Goal of the exercise - Below, find the line containing "Hama Flores, budík" and the line containing "Katie Cameron grew"; reproduce exactly those two and every line between them, omitting pictures.

Excerpted data -
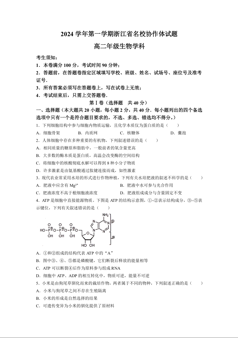 浙江省名校协作体2024-2025学年高二上学期开学考试生物
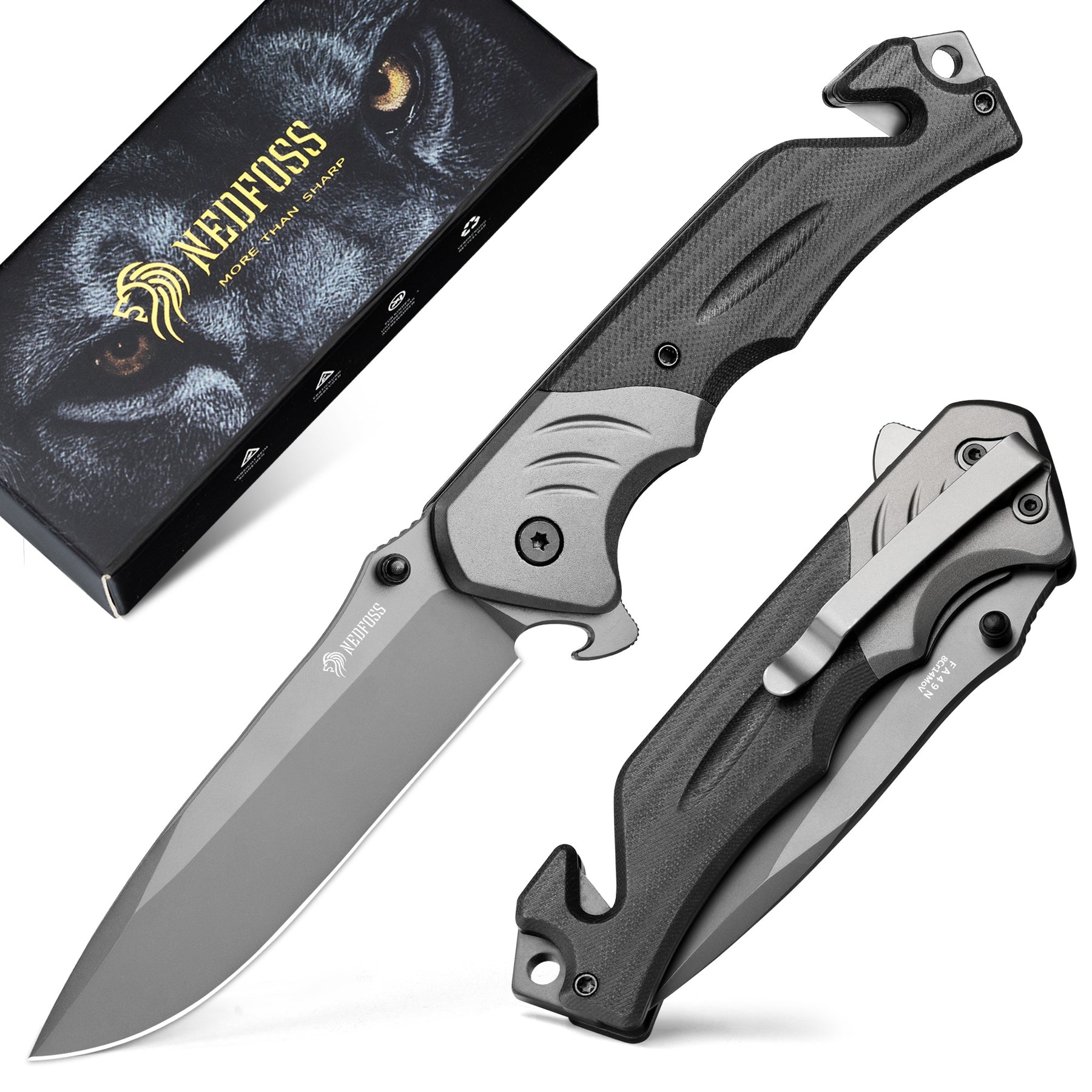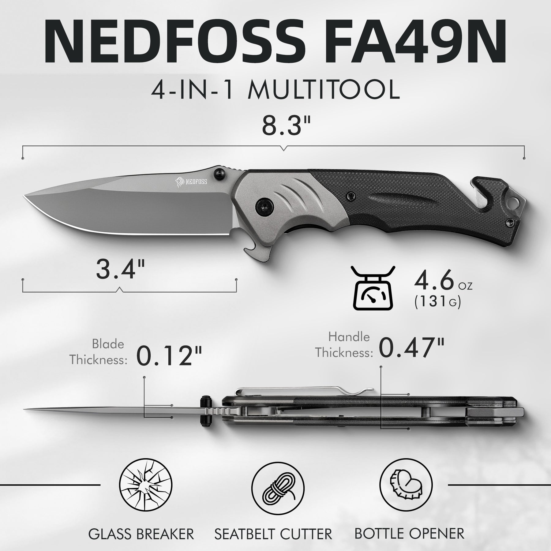 NedFoss FA49N Pro EDC Pocket Knife 4-in-1 Tactical Multitool Folding Knife with Glass Breaker, Seat Belt Cutter & Bottle Opener
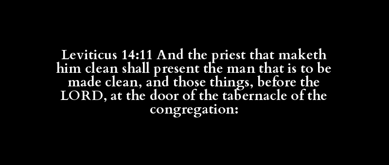 Leviticus 14:11 And the priest that maketh him clean shall present the man that is to be made clean, and those things, before the LORD, at the door of the tabernacle of the congregation:
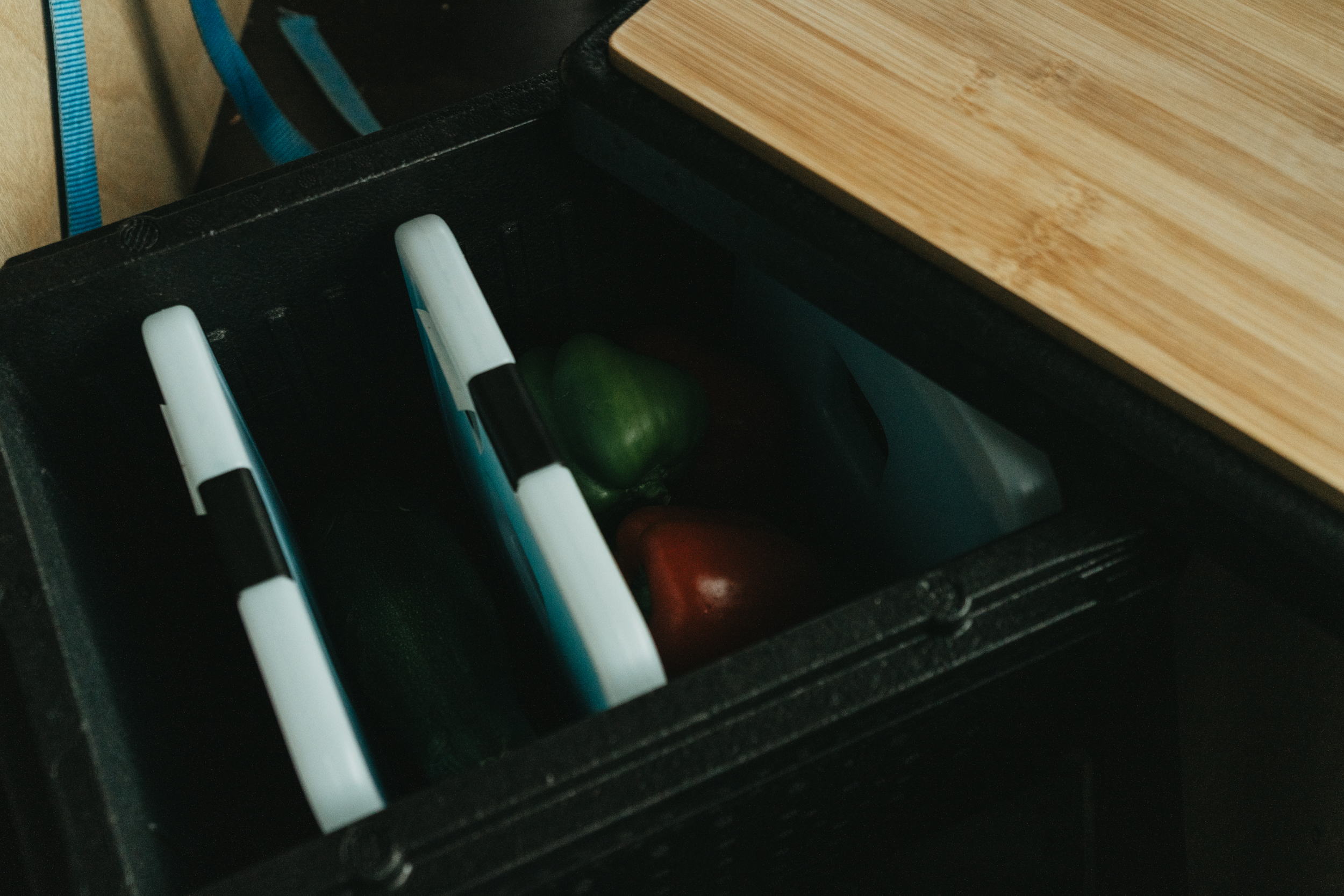 Wenn Nathan gemeinsam mit seiner Freundin kocht, dann freuen sich die zwei, dass der BOXIO TABLE eine ebenso perfekte Integration für BOXIO-Kisten hat wie der Ausbau des HZJ78. Nathan nutzt ihn als mobile Kochstation, als Spülplatz oder zum Essen. Kocher und Waschbecken passen exakt auf den Tisch. Zwischen BOXIO COOL und Kocher passt das BOXIO Board, ein kleines Schneidebrettchen, das perfekt als Deckel auf die Kühlbox passt.
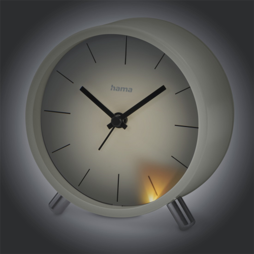 Hama Flores, budík řízený rádiovým signálem, průměr 11 cm, tichý chod, podsvícení, šedobéžový
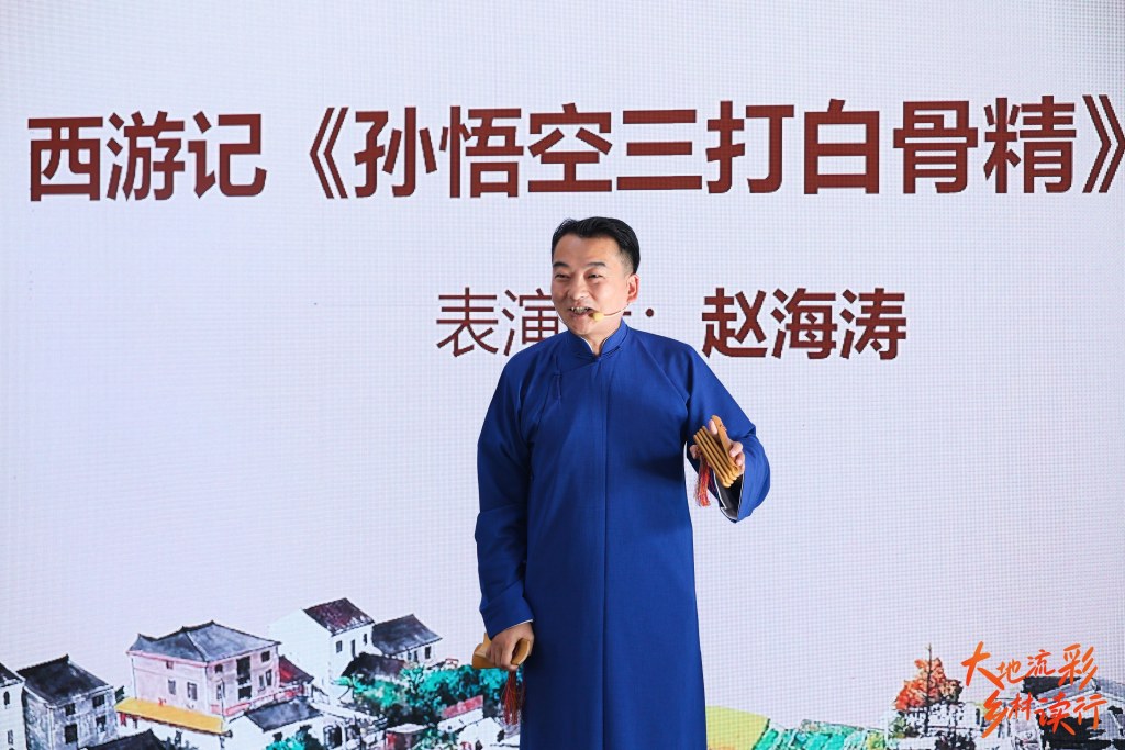 相声、快板书演员赵海涛是一位“跨界”阅读推广人,他长期活跃在嘉定区徐行镇各村的老年日间照护中心。在和乡村老人的聊天交流中,他发觉老人们特别喜欢耳熟能详故事内容。赵海涛就从中国传统文学名著着手,用快板表演四大名著的片段,给老人们说书、讲故事,为他们带来笑声和快乐。
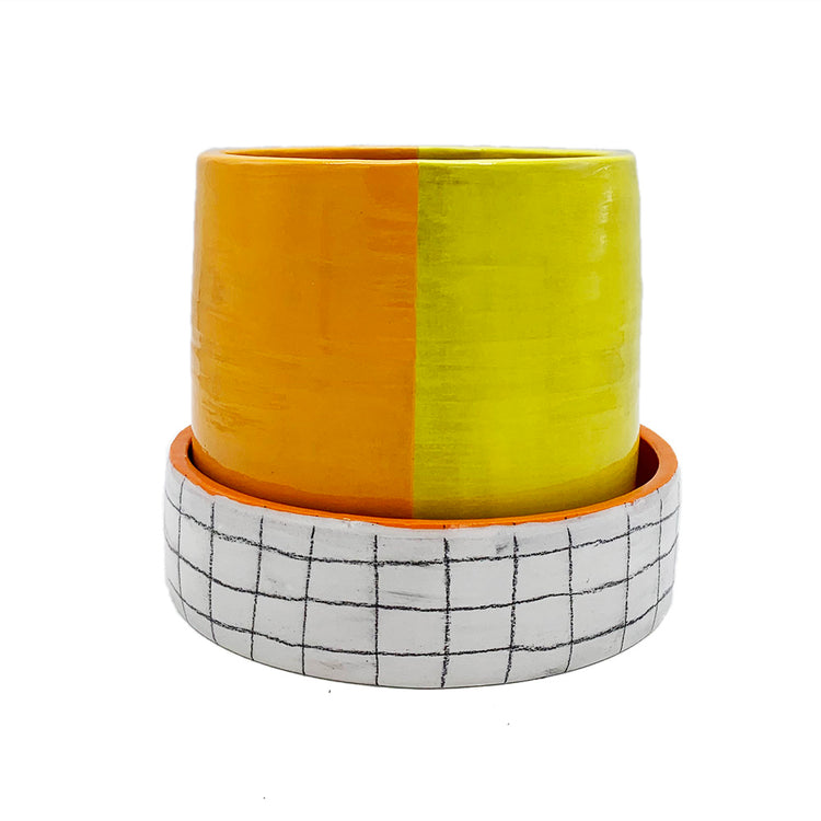Katie Cameron grew up in Burlington, Vermont, underglazing bisqueware in her dad’s office while he worked (the office was above a paint-your-own pottery studio). While receiving her degree at Augsburg College in Minneapolis, Minnesota, Cameron was a studio assistant for the ceramics department, and after graduating, she began her own independent studio practice as cry baby clay (www.crybabyclay.com). Through her platform, Cameron sells clay kits, handmade jewelry, sculptures, and pots as well as facilitates community workshops and studio space rentals. Her work is inspired by her many feelings, love of play, everyday objects, and authenticity. Cameron keeps a photo album from a trip she took to Oaxaca, Mexico called "walls that make me feel something.” The surfaces of her work lately have been informed by these color memories and patterns that left a lingering impression on her emotionally and aesthetically.
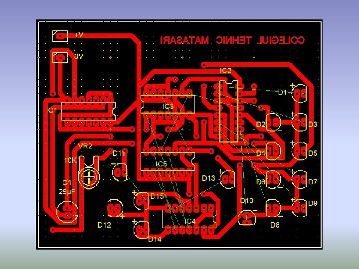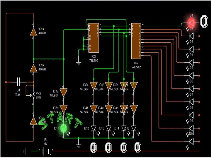 Alcătuirea schemei Schema cuprinde un "oscilator, de tact realizat cu circuitul integrat 74 LS 04, un numărător de impulsuri realizat cu circuitul integrat 74 LS 90 și un decodor binar zecimal realizat cu circuitul integrat 74 LS 42 (cu rol de comutator) La rândul său, circuitul integrat 74 LS 42 este comandat de către numă rătorul zecimal 74 LS 90, acesta asigurând prin ieşirile sale 8 9 11 12, o configuraţie în cod binar, care este aplicată intrărilor 12 13 14 15 ale 74 LS 42. Configuraţia de la ieşirea numărătorului zecimal are loc ca urmare a aplicării la intrarea 14 a unor aşa zise impulsuri de tact. Impulsurile de tact sunt obţinute de la un generator, realizat cu celelalte trei inversoare ale circuitului 74 LS 04, care împreună cu un potenţiometru (P) şi un capa citor (C) formează un oscilator capabil să asigure semnale electrice cu o frec venţă cuprinsă între 0, 2 Hz şi 5 Hz, funcţie de poziţia cursorului poten ţiometrului P. Consumul total de curent al schemei este de circa 128 m. A. Consumul de curent pe etaje este următorul: circuitul integrat inversor 74 LS 04 = 26 m. A; circuitul integrat 74 LS 42= 28 m. A; circuitul integrat 74 LS 90 = 24 m. A; Schema funcţionează continuu, în sensul că după baleierea celor zece LED uri procesul se reia după un interval cuprins între 0. 2 80 secunde.

Reply -
 Hama Flores, budík řízený rádiovým signálem, průměr 11 cm, tichý chod, podsvícení, šedobéžový
 相声、快板书演员赵海涛是一位“跨界”阅读推广人,他长期活跃在嘉定区徐行镇各村的老年日间照护中心。在和乡村老人的聊天交流中,他发觉老人们特别喜欢耳熟能详故事内容。赵海涛就从中国传统文学名著着手,用快板表演四大名著的片段,给老人们说书、讲故事,为他们带来笑声和快乐。
Katie Cameron grew up in Burlington, Vermont, underglazing bisqueware in her dad’s office while he worked (the office was above a paint-your-own pottery studio). While receiving her degree at Augsburg College in Minneapolis, Minnesota, Cameron was a studio assistant for the ceramics department, and after graduating, she began her own independent studio practice as cry baby clay (www.crybabyclay.com). Through her platform, Cameron sells clay kits, handmade jewelry, sculptures, and pots as well as facilitates community workshops and studio space rentals. Her work is inspired by her many feelings, love of play, everyday objects, and authenticity. Cameron keeps a photo album from a trip she took to Oaxaca, Mexico called "walls that make me feel something.” The surfaces of her work lately have been informed by these color memories and patterns that left a lingering impression on her emotionally and aesthetically.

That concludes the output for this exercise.